Geothermal in Schools

As homeowners, we often neglect the fact that geothermal heating and cooling can be utilized in various types of buildings (with various functions). Geothermal is a viable alternative energy source for any type of building, really (depending upon the size and other factors). Whether it’s a town hall, a corporate office, a shopping mall, or even a school, the benefits of geothermal save face. Today, we’ll focus on geothermal in schools, and provide some additional advantages that pertain directly to a geo installation in an educational facility.

Apart from providing clean air conditioning, heat, and hot water year round, a geothermal heat pump system is an opportunity for schools to take the green initiative, eliminating the oversized boiler rooms and incessant buzzing from their hallways. Unlike traditional “dirty” energy sources, the geothermal heat pump can be easily concealed, while the supporting loop field is completely subterranean. As you can imagine, this concealment prevents the damage that can often occur to traditional heating and cooling equipment. Not to mention, it looks better. While aesthetics aren’t necessarily the main concern of schools across the nation, it certainly can’t hurt to provide children with a safer, cleaner, and better looking environment.

geothermal in schools

Could this be your school?

Aesthetics aside, geothermal in schools just makes sense. Economically, the heat pump system will pay itself off in a relatively short period of time. Should any problems occur, most ground loop field installations come with a lengthy warranty. From a multitude of examples, we’ve observed that schools employing a geothermal heat pump system have decreased carbon dioxide emissions, while also cutting energy spending substantially.* Also, taking the environmental high road sets a great example for students and their families. Quite frankly, the high road isn’t necessarily the hard road when there’s essentially a guarantee of cutting costs.

The rub, as always, seems to be the fronting of the initial costs of geothermal. In an economy that’s tough on teachers, and perhaps tougher on parents, it’s understandable that not everyone in a given school district is going to be on board with a geothermal installation. That said, it’s important that the school board takes the time to empathize with concerns and reference materials that detail the benefits of geothermal in schools. It’s certainly not for everyone, but it’s also not a technology that should be neglected; its cost benefits alone warrant consideration.

If you’d like to check out a real life example of a geothermal installation in a school, feel free to check out one, two, or all three of the following!

Fond du Lac High School in Fond du Lac, Wisconsin
Pahrump Valley High School in Pahrump, Nevada
Westside High School in Omaha, Nebraska

*Source: FHP-MFG

Comments (3)

 

  1. Central Illinois Geothermal Heating says:

    Many of the schools here in Central Illinois have expressed interest in switching to geothermal heating systems as well.

  2. EnergySage says:

    Geothermal is a great option for residential and commercial buildings.

  3. Michael S. Uhl says:

    For decades, geothermal (ground source) heat pumps made a sound investment for institutions of higher education. The recent ARRA stimulus helped fund installations of more American technology in energy efficiency than ever.

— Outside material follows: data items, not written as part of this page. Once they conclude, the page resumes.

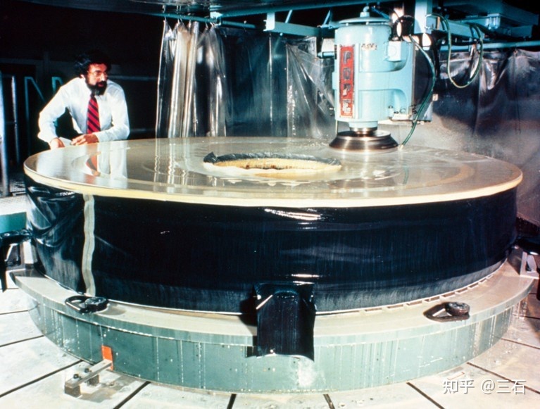 在这张几十年前的照片中,一台机器正在制造哈勃的主镜;最终将在镜子中发现一个缺陷,这需要宇航员飞到天文台附近并安装矫正光学系统。
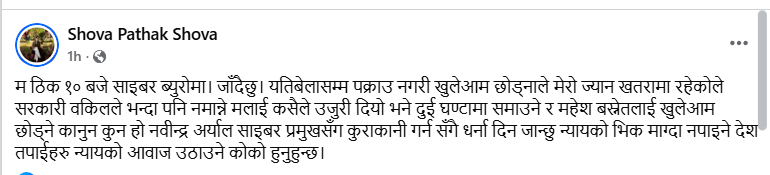 म ठिक १० बजे साइबर ब्युरोमा। जाँदैछु। यतिबेलासम्म पक्राउ नगरी खुलेआम छोड्नाले मेरो ज्यान खतरामा रहेकोले सरकारी वकिलले भन्दा पनि नमान्ने मलाई कसैले उजुरी दियो भने दुई घण्टामा समाउने र महेश बस्नेतलाई खुलेआम छोड्ने कानून कुन हो ? नवीन्द्र अर्याल साइबर प्रमुखसँग कुराकानी गर्न सँगै धर्ना दिन जान्छु । न्यायको भिक माग्दा नपाइने देश तपाईहरु न्यायको आवाज उठाउने कोको हुनुहुन्छ ?
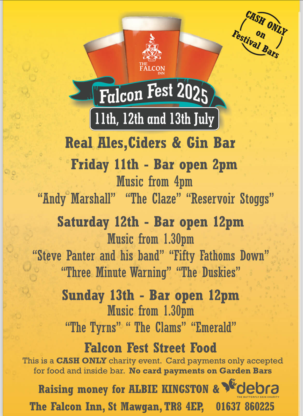 Three day, Ale, Cider and Music Festival held in the beautiful Falcon Inn Beer Garden. 10 real ales, 10 ciders, Gin Bar and fantastic live bands. Raising money for DEBRA the Butterfly Skin Charity.
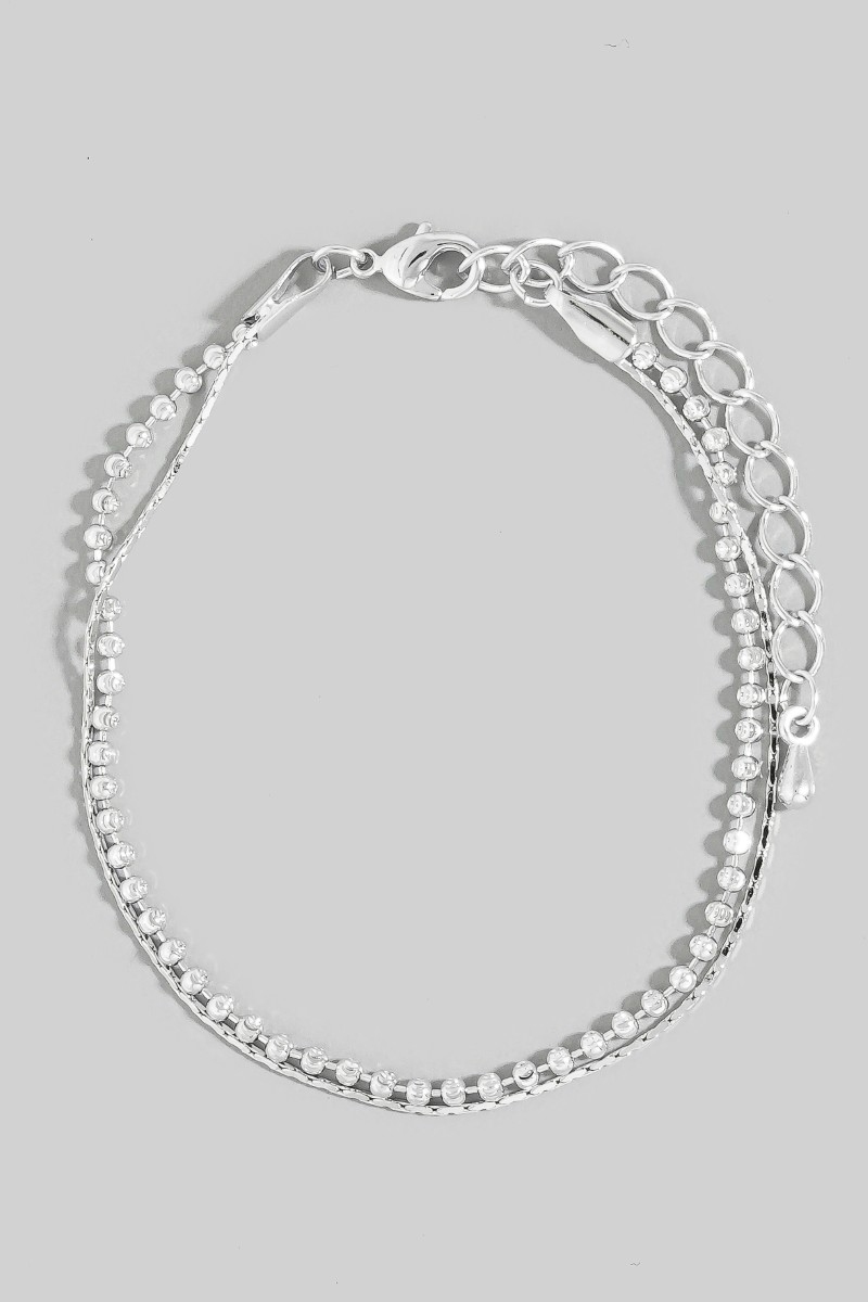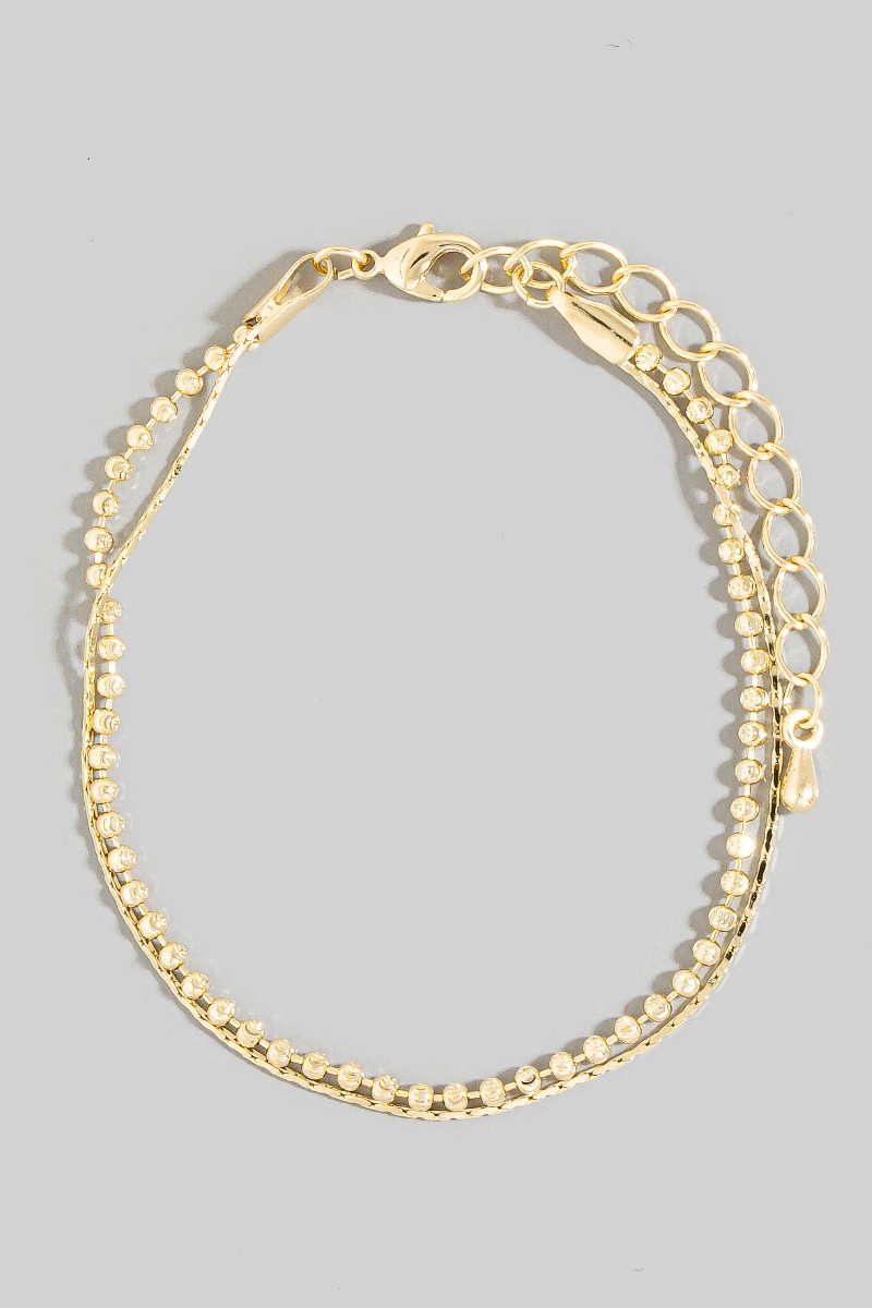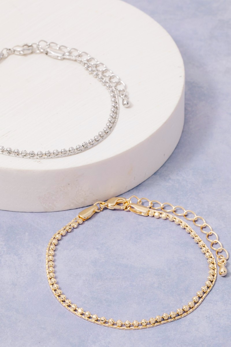 - This bracelet features a fashionable two row dainty metal chain bead style. Immerse yourself in the world of understated glamour as this bracelet effortlessly exudes timeless appeal.

    Research labs have put the scenario to the test. In Lincoln, NE, researchers compared GHPs with standard HVAC options (air-cooled chiller, VAV air handling system, and gas-fired hot water boiler). By analyzing data from 18 schools with 54 GHP units, 200 tons, 120 vertical loops and computer models, the results were clear. GHPs had the lowest first and lifecycle costs, lower maintenance, reduced energy use (17%) and reduced energy costs (24%). See for yourself! (http://www.ornl.gov/sci/femp/pdfs/ghpsinschools.pdf)

    More recently, the Department of Energy (DOE) funded demonstrations of innovative modifications of GHP technology at nine universities, one community college, and three educational systems. Blaine County School District #61 is nearly finished installing 26 wells for six schools and support buildings with the help of a $5M DOE Award. Colorado Northwestern Community College, recently completed, found savings of $54,000 annually in the cost of ownership over a traditional system. Yet, the cost savings are not the only way GHP projects make a difference. Consider the environmental benefits. Preliminary energy models show that CO2 emissions will reduce by 57% at Indiana Institute of Technology, where they are also using CO2 as a refrigerant to transfer the energy!

    Overall, institutions can clearly expect big wins for reducing costs, managing risk, and improving the environment with geothermal heat pumps.